From an older forum entry somewhere on the webs I found that this could be related to virtualization techologies and memory remapping, so I added the following arguments to my kernel commandline: 'intel_iommu=igfx_off'
Ever since (about 10-15 hours of very active usage) I haven't had a single freeze.
I still think this is not normal behavior, since turning off iommu for the GPU can't be the right or necessary thing to do.
some additional info - my BIOS (3rd gen x1 carbon) apparently marks x2apic as broken. I booted a number of times with intremap=no_x2apic_optout on the kernel command line, and saw what steveej mentioned: a hard freeze.
The system did have the foresight to save the dmesg into the EFI pstore. I have those logs if they are useful.
After removing no_x2apic_optout, the kernel "Enabled IRQ remapping in xapic mode", and under xapic some of the time the kernel was able to recover/reset the chip to an ok-enough state that I could save dmesg and grap the GPU dump from /sys/class/drm/card0/error.
I found the same problem as in comment 4. If I disable VT-d in the BIOS the crashes disappear. But then I get random segmentation faults from GCC if I try to compile QtWebKit (N.b: I have gentoo and compile all packages by myself.) Hence, I have two options
(1) Disable VT-d for daily work such that i915 does not crash
(2) Enable VT-d and only boot into text console mode if I need to compile QtWebKit
In my case this issue (googling for the opcode hanging the GPU lead me to this bug) was solved by disabling the EFI Framebuffer on the kernel configuration.
If the devs want I can open a second bug to request the Intel GFX drivers taking over from early framebuffers (for example EFI or VGA) to prevent my particular issues.
Looking at the first two dumps, this looks like it might be a simple driver bug. The driver forgets to use the DMA API and wrongly just hands a physical address to the device. The device does DMA to that invalid address, takes a well-deserved fault, and is subsequently unhappy.
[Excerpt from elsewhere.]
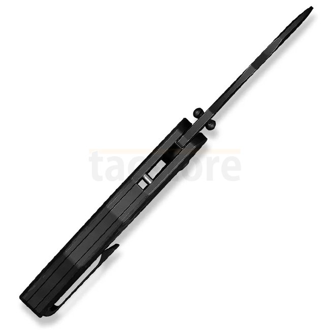 The handle is made from black 6AL‑4V titanium with inlaid shredded carbon fiber. The knife includes stainless steel liners, a ceramic ball bearing pivot for smooth deployment, and a titanium tip‑up pocket clip for right‑hand carry.
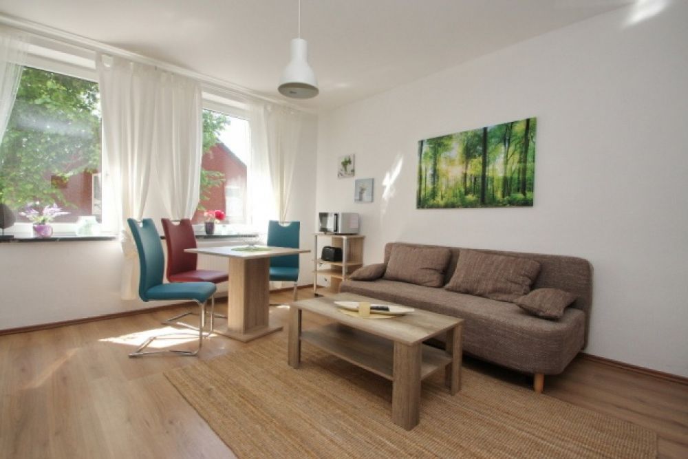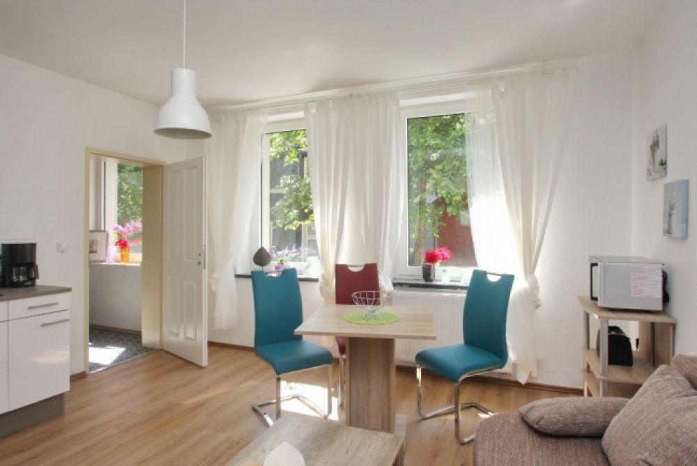 Living room with couch corner (sofa bed 1.80m x 2.00m) and satellite TV, and Wi-Fi (extra) as well as open, fully equipped fitted kitchen with oven, extractor hood, microwave etc. High-quality laminate. The separate bedroom has a large double bed with 2 mattresses, as well as a large sliding door wardrobe with mirror. Modern, white tiled daylight bathroom with bathtub with shower function and its own washing machine.The rent is an all-inclusive rent plus electricity and DSL (250MB) (€ 25,-). Cleaning service can be booked on request. I NON-SMOKING apartment!

The faulting addresses do not look like addresses which would be given out as virtual DMA addresses by the DMA API. Such addresses would typically start at 0xfffff000 and grow downwards.
I reported bug #90091 initially, which was marked as duplicate of this one.
I've tried to reproduce with 4.2.2, and it still happens. Two dmesgs are attached, the second one with i915.enable_execlists=0. In the latter case I only have the DMAR fault but not the GPU hang.
Attachment 118605, "kernel log on 4.2.2": dmesg.txt
I have the same problem, and Google Chrome (as in the binary release, not Chromium) seems to trigger it. Disabling 3D rendering in X has helped, as now I get a crash and hang every couple of weeks instead of around once a day.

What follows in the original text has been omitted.